EXERCISE DETAILS: In the data below, locate the line containing "Two Romanian young" and the line containing "À la médiathèque", then retype both and everything between them exactly. Pictures are not part of the copy.

ENTRIES PROVIDED:
━━━━━━━━━━
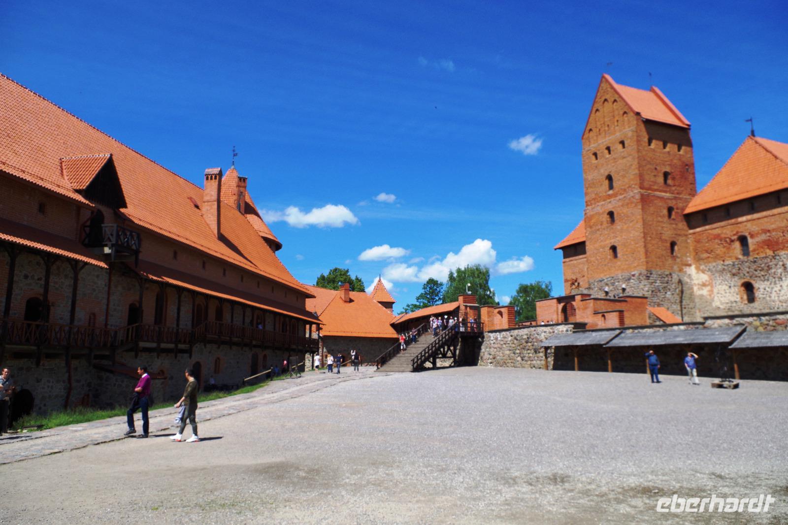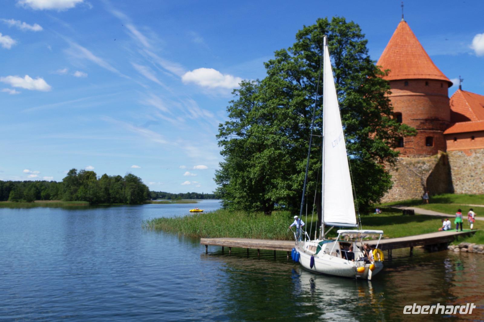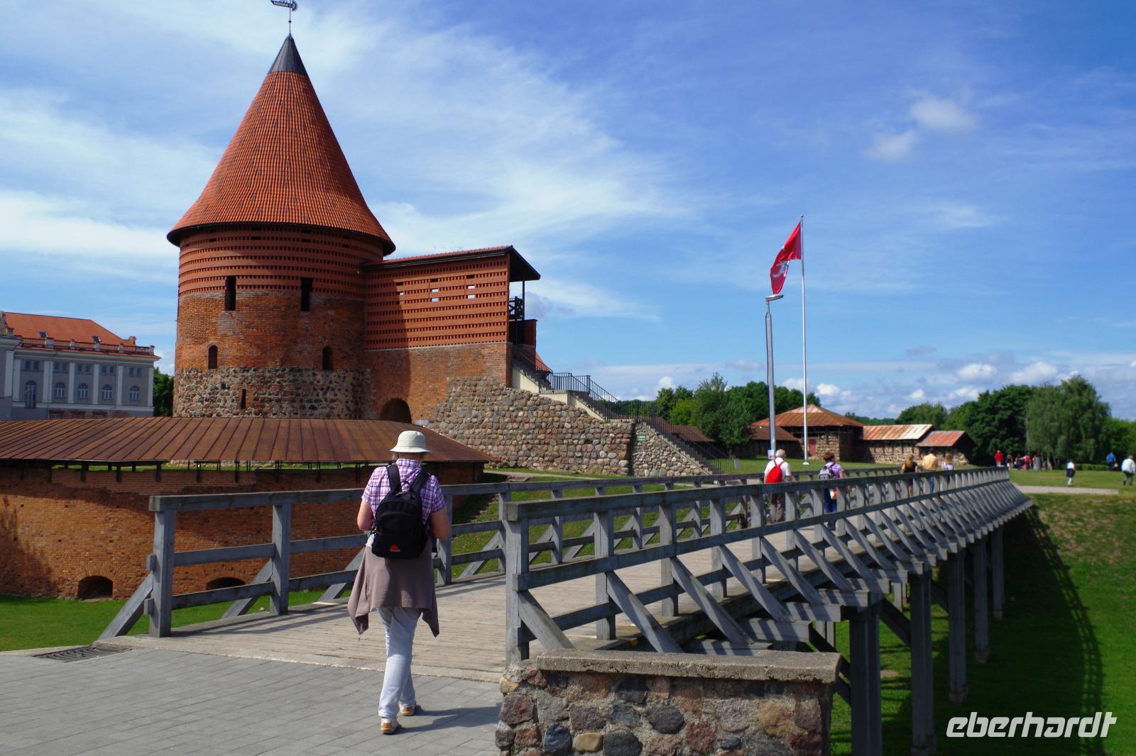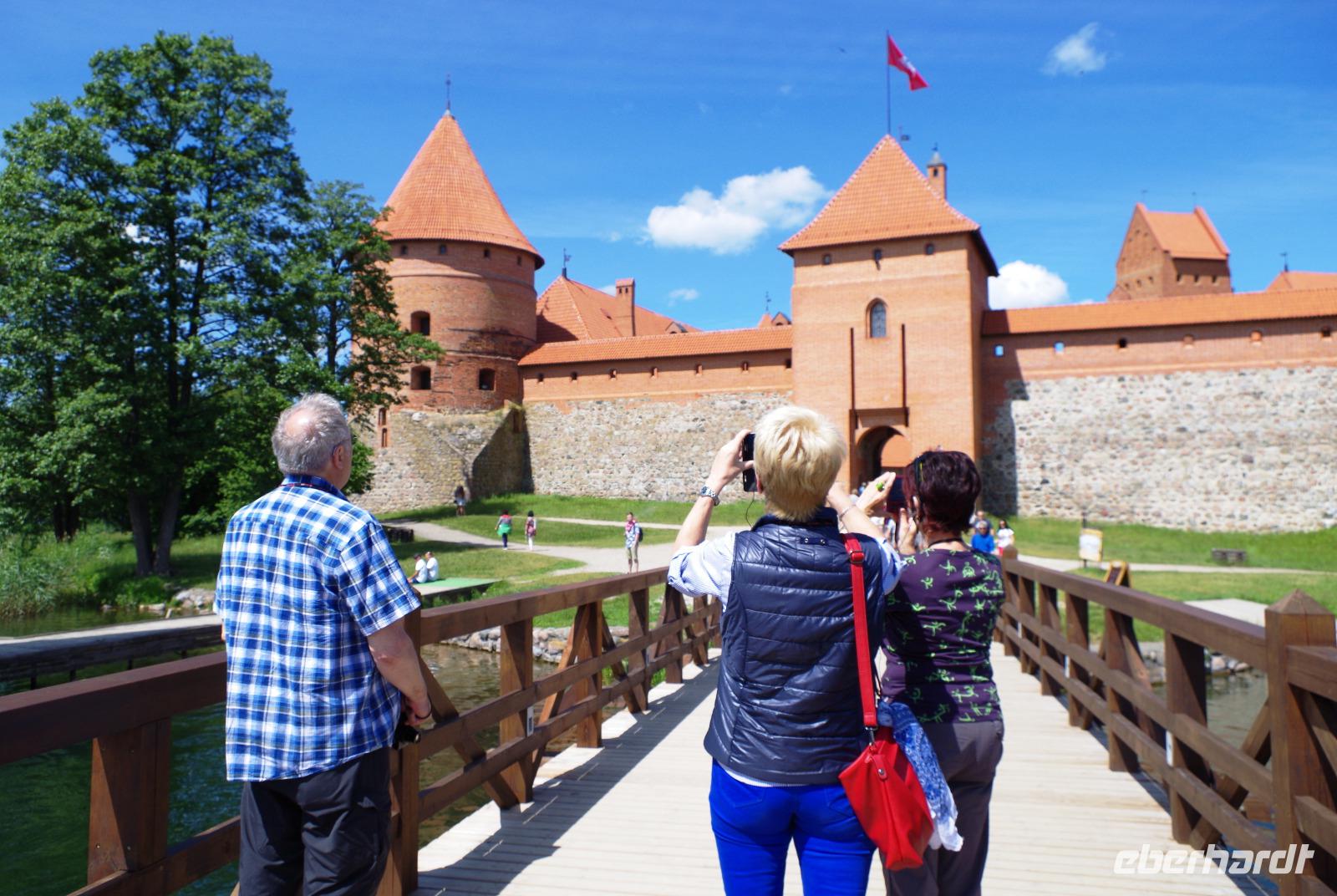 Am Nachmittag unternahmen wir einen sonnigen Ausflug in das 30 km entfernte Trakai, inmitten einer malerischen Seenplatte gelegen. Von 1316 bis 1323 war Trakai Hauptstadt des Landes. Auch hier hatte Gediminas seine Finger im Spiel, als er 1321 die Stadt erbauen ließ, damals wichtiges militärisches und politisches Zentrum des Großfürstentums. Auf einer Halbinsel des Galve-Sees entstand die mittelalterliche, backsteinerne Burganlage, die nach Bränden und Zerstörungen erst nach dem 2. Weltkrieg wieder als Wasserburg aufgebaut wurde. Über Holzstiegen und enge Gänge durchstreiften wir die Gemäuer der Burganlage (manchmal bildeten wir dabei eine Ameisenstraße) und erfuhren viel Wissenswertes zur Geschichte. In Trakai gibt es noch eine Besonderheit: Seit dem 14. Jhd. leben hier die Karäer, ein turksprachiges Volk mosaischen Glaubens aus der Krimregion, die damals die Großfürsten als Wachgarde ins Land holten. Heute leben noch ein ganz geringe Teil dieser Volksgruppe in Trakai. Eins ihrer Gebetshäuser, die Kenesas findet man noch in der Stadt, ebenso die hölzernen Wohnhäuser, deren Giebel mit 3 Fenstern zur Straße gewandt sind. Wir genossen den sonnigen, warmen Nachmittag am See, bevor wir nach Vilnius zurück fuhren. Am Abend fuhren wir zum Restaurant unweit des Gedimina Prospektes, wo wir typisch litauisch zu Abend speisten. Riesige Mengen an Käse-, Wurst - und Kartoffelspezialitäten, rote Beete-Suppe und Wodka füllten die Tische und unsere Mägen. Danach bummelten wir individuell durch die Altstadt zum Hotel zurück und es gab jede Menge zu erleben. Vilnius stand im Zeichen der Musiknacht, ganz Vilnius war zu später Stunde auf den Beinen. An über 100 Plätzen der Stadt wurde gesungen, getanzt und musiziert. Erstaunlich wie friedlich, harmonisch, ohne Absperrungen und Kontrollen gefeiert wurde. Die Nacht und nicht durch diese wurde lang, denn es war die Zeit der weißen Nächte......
━━━━━━━━━━
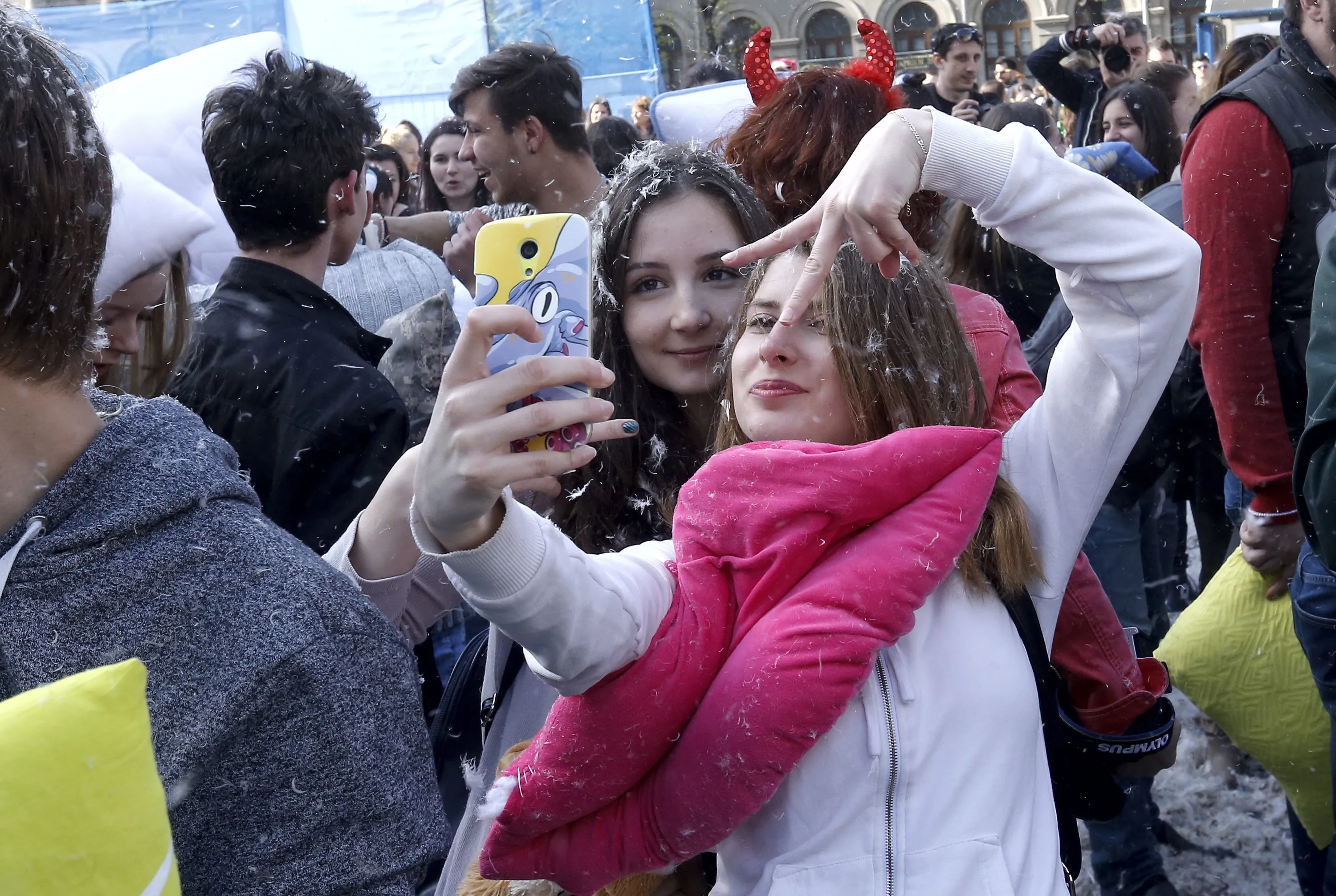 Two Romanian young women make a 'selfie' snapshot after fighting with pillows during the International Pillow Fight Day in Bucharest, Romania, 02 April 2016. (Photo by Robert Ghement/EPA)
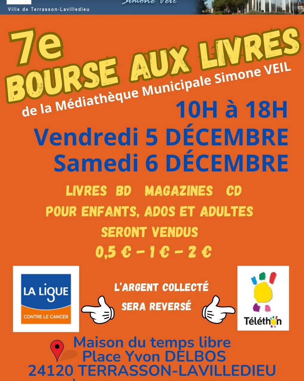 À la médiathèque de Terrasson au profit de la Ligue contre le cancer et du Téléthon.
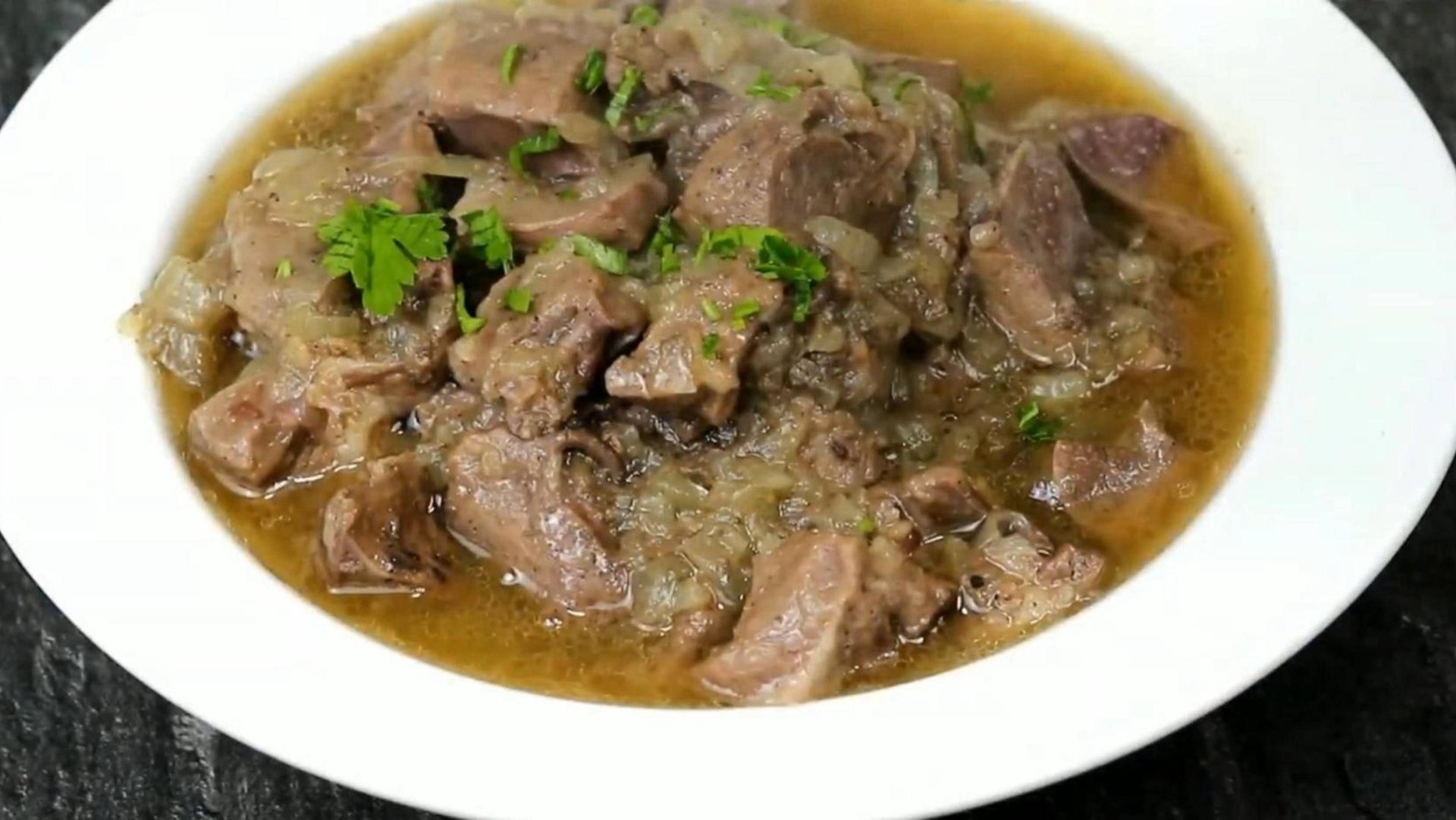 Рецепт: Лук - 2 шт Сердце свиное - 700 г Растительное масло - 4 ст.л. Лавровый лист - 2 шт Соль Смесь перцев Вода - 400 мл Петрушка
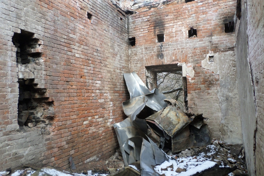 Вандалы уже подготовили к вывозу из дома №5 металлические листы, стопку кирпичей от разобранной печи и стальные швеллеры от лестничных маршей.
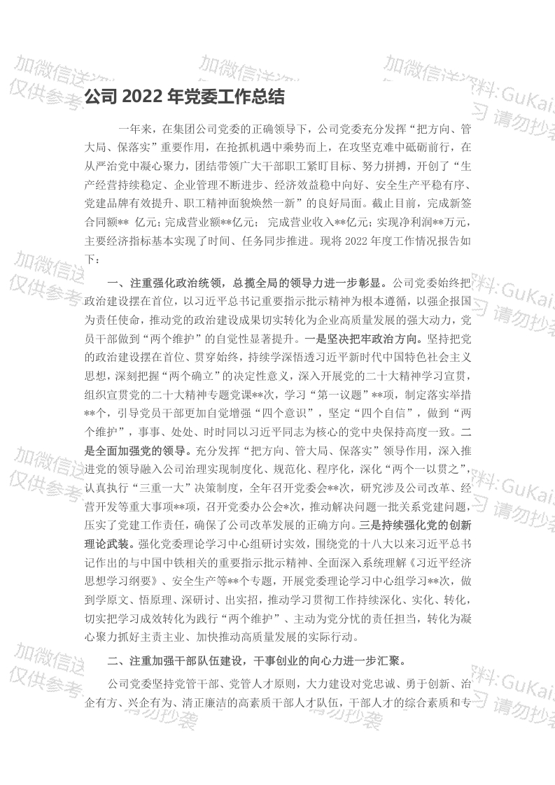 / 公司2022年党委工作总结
━━━━━━━━━━
RESULT OF THIS TASK:
 Two Romanian young women make a 'selfie' snapshot after fighting with pillows during the International Pillow Fight Day in Bucharest, Romania, 02 April 2016. (Photo by Robert Ghement/EPA)
 À la médiathèque de Terrasson au profit de la Ligue contre le cancer et du Téléthon.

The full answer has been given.